New laboratory findings at the University of Illinois at Chicago suggest that what lies outside cancer cells is at least as important as the genes inside in explaining a tumor's malignancy.
The molecules that surround a cell play a crucial role in altering the packaging of its genome, opening it up to the machinery that allows genes to be expressed, or closing it down, according to a study published in the April issue of the American Journal of Pathology.
An editorial in the same issue of the journal says the study represents what it calls a paradigm shift in our understanding of how malignant cells operate. The findings are expected to yield new diagnostic and therapeutic tools in the battle against cancer.
Initial experiments at UIC found that the genetic material of cancer cells is knotted-up so that sections of DNA are highly protected from outside interference, unlike the DNA of healthy tissue.
An enzyme that snips DNA at certain sequences that recur throughout the genome thoroughly chewed up the DNA from normal cells. In contrast, the enzyme only partially broke up the DNA from less aggressive tumors, and it barely touched the DNA from aggressive cancers like melanoma.
"In invasive cancers, segments of DNA are so twisted and compacted that the enzyme can't get access," said Andrew Maniotis, assistant professor of pathology and lead author of the study.
"We tested a range of cells -- from connective tissue, breast tissue, the kidney and the colon -- as well as biopsy tissue. The results were always the same," added Robert Folberg, head of pathology and a co-author of the paper. "The more invasive the cancer, the more resistant its DNA was to the enzyme."
But the question was why.
The answer lies in the cells' immediate environment, called the extracellular matrix, a rich mix of molecules once thought to be biologically inert.

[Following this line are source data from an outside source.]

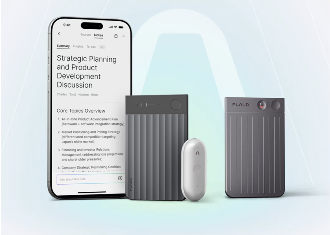 Plaud通过“硬件+订阅”模式惩处了这个问题。其初代产物Plaud Note,形态是一张不错磁吸在手机背后的超薄卡片,搭载ChatGPT等AI模子。硬件惩处灌音,而订阅做事则负责后续的AI智能转写与会议总结。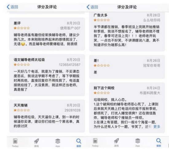“学校组织一起学的课,然后辅导老师在第四节课就会一直给你打电话让你报课,你不报课就会给你禁言,主讲老师讲的很好,但辅导老师有的很不负责任。”一位家长在App Store的一起学网校评论区留言。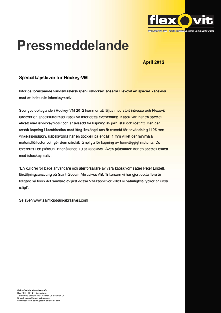 Inför de förestående världsmästerskapen i ishockey lanserar Flexovit en speciell kapskiva med ett helt unikt ishockeymotiv.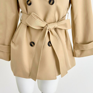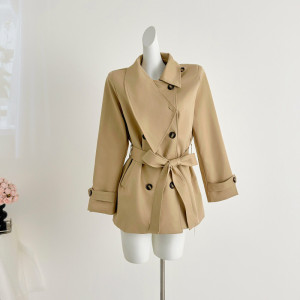 跨境2025秋网红新款英伦风双排扣韩版通勤风衣外套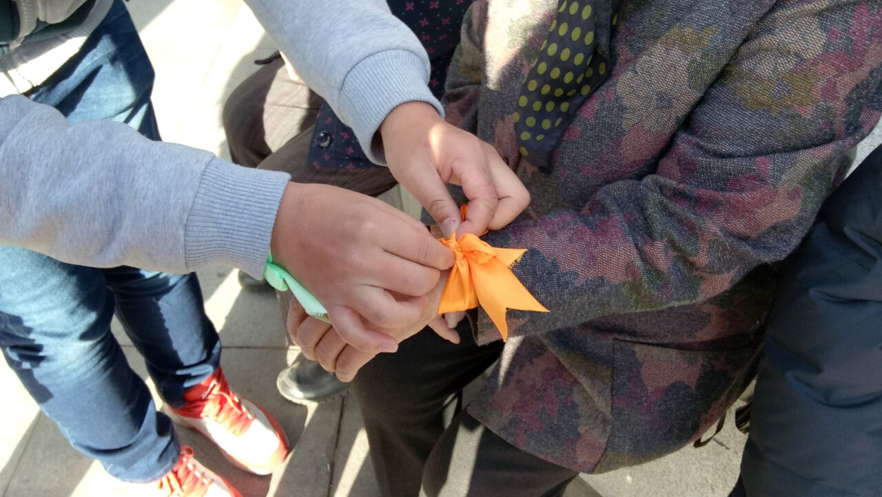 周日早上7:00,16030542班的全体同学在文韬2号公寓楼下集合完毕,一同前往市里的万达广场附近进行采访活动。每名队员都积极地表达了自己的想法,为采访活动的顺利进行添砖加瓦。到达采访地点,同学们按照之前确定的小组分散进行采访,每个组分工明确,有的采访、有的拍照、有的记录,还有同学为被采访的人系上丝带,一切进行得有条不紊。

When three cancer-causing genes were inserted into the nuclei of normal cells, the entire genome became resistant to enzyme digestion. The UIC scientists were able to induce exactly the same effect after just one edge of a normal cell came into contact with laminin, a component of the extracellular matrix.
"Tests showed that in the presence of laminin, the activity of close to 1,000 genes was affected," Folberg said.
Additional experiments demonstrated that the molecules outside a cell exert their influence not by chemical means but mechanically, manipulating the skeletal framework of the cell and the proteins that envelop DNA. These proteins keep the string of DNA -- really, a stiff wire with component nucleotides -- tightly compressed; if the proteins are removed, the genes spring out like a jack-in-the-box.
When the researchers disassembled a cell's skeletal elements -- microtubules, actin and intermediate filaments -- not only did the cell's shape change, but its DNA took on new contours. Segments of DNA became buried inside the wad of genetic material, inaccessible to enzyme digestion.
"Medical research has for decades focused on finding the underlying genetic abnormalities that cause disease, but this work demonstrates that genes themselves are controlled by components outside the nucleus and these, in turn, are regulated by the cell's microenvironment," Maniotis said.
The discovery that normal, benign and malignant tissues respond differently to enzyme digestion could lead to a new diagnostic tool for distinguishing different types of tumors.
The researchers also believe that their findings suggest new therapeutic strategies for combating cancer.
"Many current forms of chemotherapy target DNA directly and are associated with significant side effects," Folberg said. "We're developing methods of manipulating the genome that may be non-toxic and still highly effective."
Other researchers involved in the study were Klara Valyi-Nagy, John Karavitis, Jonas Moses, Viveka Boddipali, Ying Wang, Rafael Nunez, Suman Setty, Zarema Arbieva, all from UIC, and Mina Bissell, from the Lawrence Berkeley National Laboratory. Maniotis and Folberg are both members of the UIC Cancer Center.
The study was supported by grants from the National Eye Institute of the National Institutes of Health and the U.S. Department of Energy.